Geo Week News

April 22, 2011

3D as a compliance engine

There’s nothing better for a burgeoning technology than for that technology to become a mandated piece of a larger process. To that end, I found a great article in Electric Light & Power from Paul Richardson of Network Mapping, advocating for airborne lidar as a compliance tool for the North American Reliability Council’s reliability standard FAC-003. 

His argument, and it makes sense to me, is that if power companies are going to have to deliver a vegetation management plan for their powerlines, there aren’t many better and more efficient ways of documenting vegetation along the lines than airborne lidar.

Essentially, this FAC-003 works to avoid any vegetation-induced outages: vegetation growing into lines and interfering, or vegetation falling down onto the lines and knocking out power. The latter is something we know well here in New England, thanks to copious amounts of heavy snow knocking down tree branches left and right (one of the best things about heating with a wood stove? Power outages mean frying stuff up on the wood stove, which the kids get a kick out of). 

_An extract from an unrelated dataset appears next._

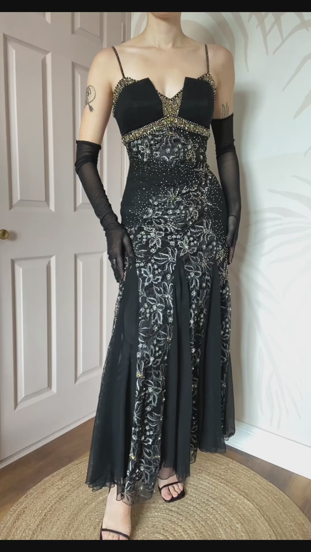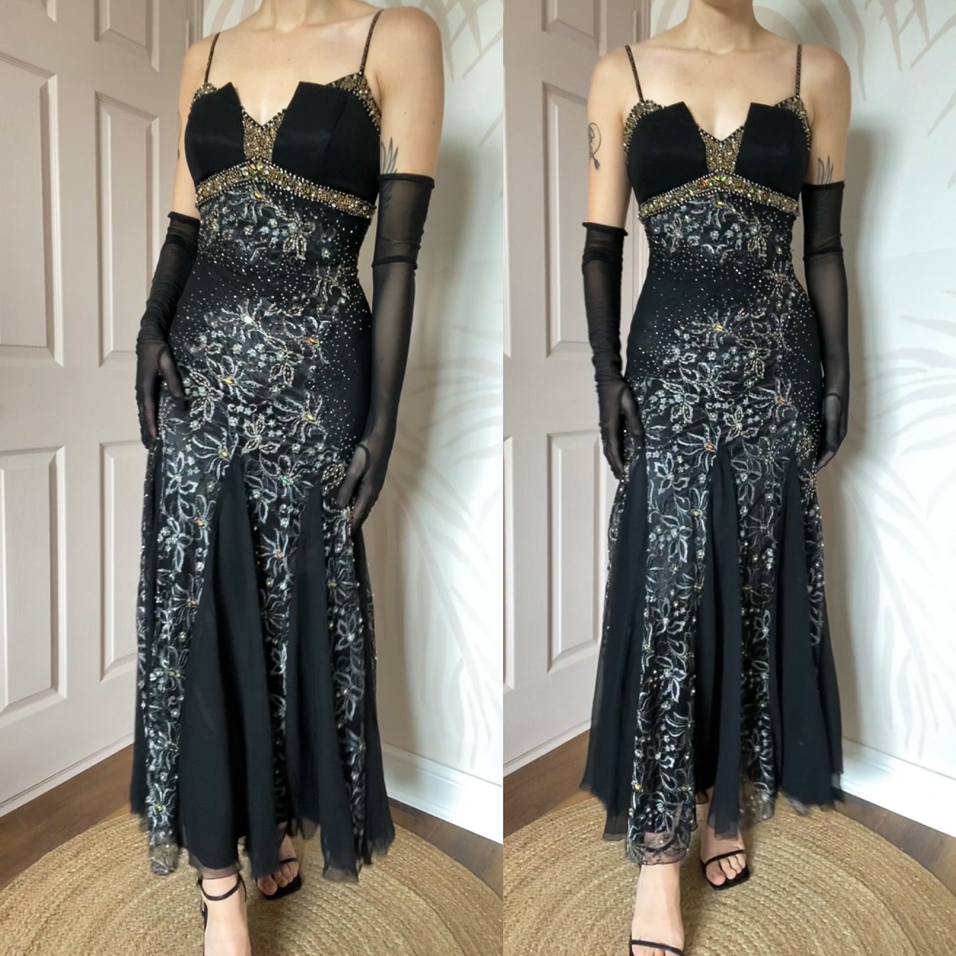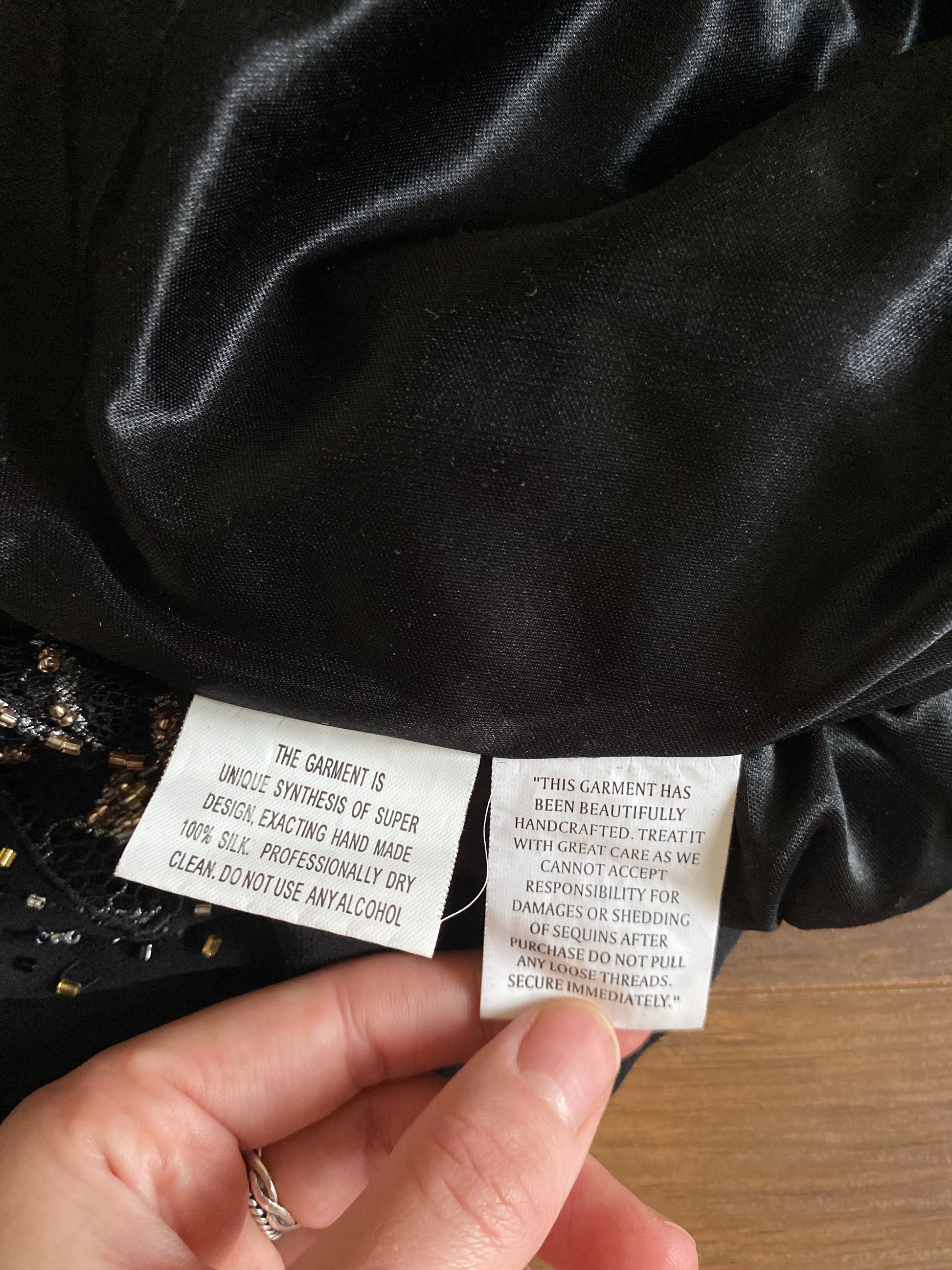 100% silk Tiffany Bling black bead & lace evening dress with cut out flare at the hem, a padded bust & a zip up one side UK 10-12
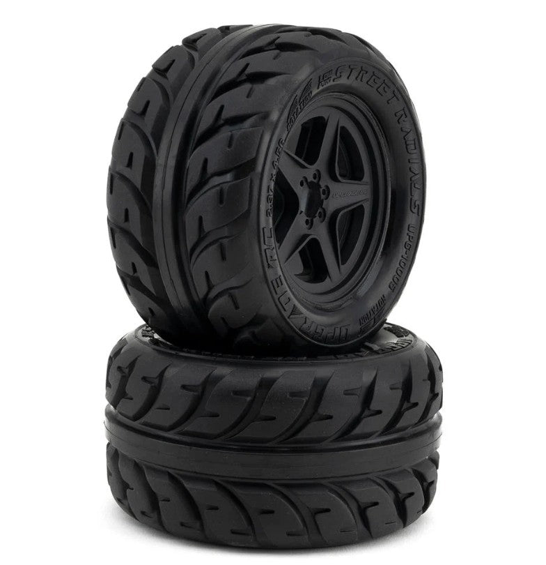 UpGrade RC Tires are the perfect choice for your bashing needs. These Belted Street Radials 2.8" tires come pre-mounted to 5-Star wheels and feature a molded 17mm hex. Using the included hex adapters, this tire combination can also be mounted to RC vehicles with 12mm and 14mm hexes. Adding to these tires performance is a belted carcass giving them the ability to handle the rigors of todays high power and high speed vehicles. Made with UpGrade RC's soft compound, these tires are ready to grip into action and keep bashing.

So, FAC-003 forces power companies to come up with something called a TVMP (transmission vegetation management program), part of which is a schedule of rights-of-way inspections. As you might imagine, this has a fair number of transmission line owners freaking out – how do they go about inspecting miles and miles of right of way in any sort of efficient fashion?

Well, yeah, aerial lidar:

Aerial LiDAR technology has been applied extensively to electrical transmission capturing towers, conductors, vegetation and other objects within the right-of-way, as well as the terrain. An operator prepares the 3-D point cloud by classifying objects within the dataset. The classified dataset is used to build a 3-D engineering model of the line within PLS-CADD, including structural representations of the towers and conductors. The model is attributed with information pertinent to compliance with FAC-003. The line voltage is entered for each circuit together with the clearance distances required between the conductor and classified objects. The temperature of conductors for each span at the time of flight is calculated to IEEE standard 738 with in-flight meteorological data, ground weather station data and line load data. The conductors can be sagged to their maximum operating temperature and the infringement distances determined at this position. Weather cases can be defined so that vegetation clearance reports produced from the model include the effect of wind velocity on conductor blowout. 

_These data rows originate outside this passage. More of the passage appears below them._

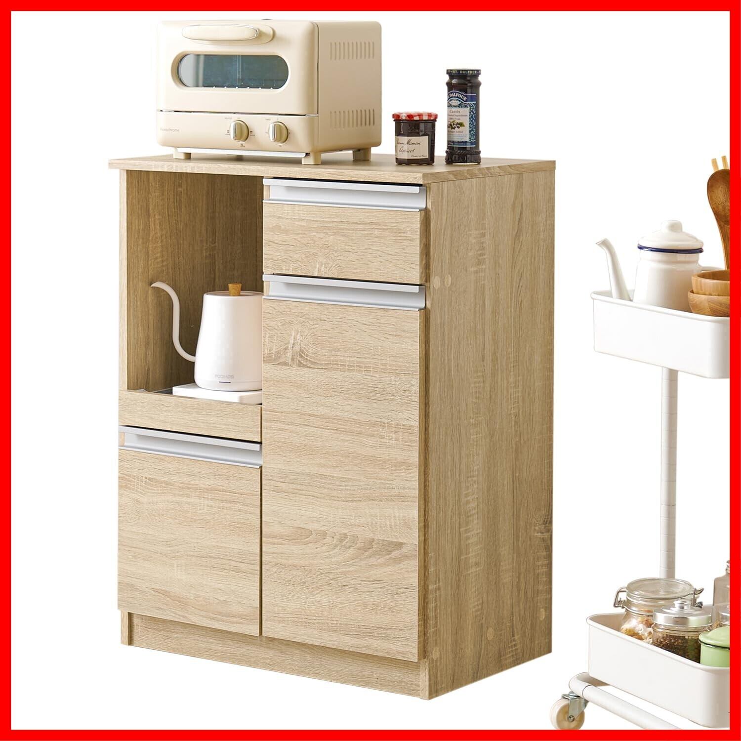 萩原 レンジボード 幅60 食器棚 キッチンラック レンジ台 作業台 大容量 2口コンセント 扉付き ナチュラル VKC-7142NA
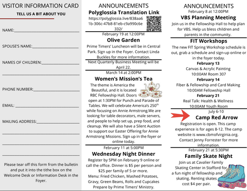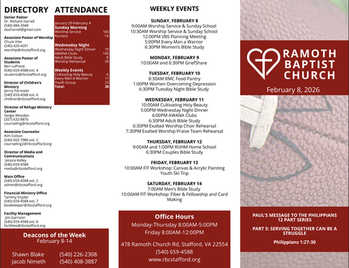 Sunday services and Sunday school will follow regular schedule February 8th.
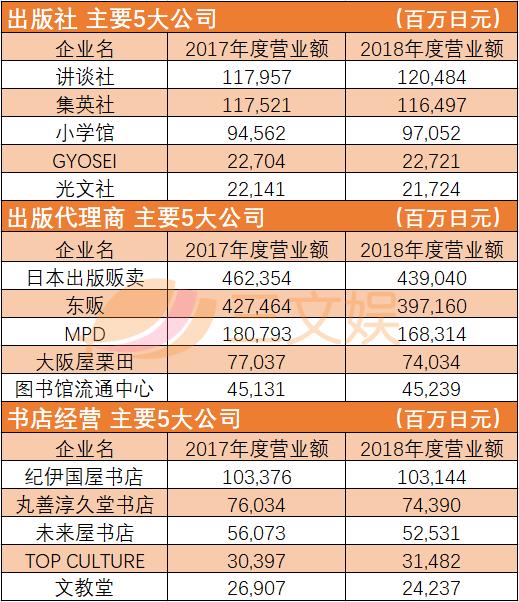 2018年日本3740家出版关联企业的营业额为41884.39亿日元,换算成人民币就是2782亿元,每家公司的营业额不到7500万元。

Richardson says he can typically survey 100km a day and since he’s in the air, terrain isn’t a problem. That all sounds great, right?

Well, GeoCue’s Lewis Graham does make the point that there might some push back from operators on utilizing lidar like this on a regular basis. He estimates the annual spend on lidar would have to be something like $675 million.

Still, that’s the power companies’ problem, not the surveyors’. For now, it represents a pretty sizable opportunity.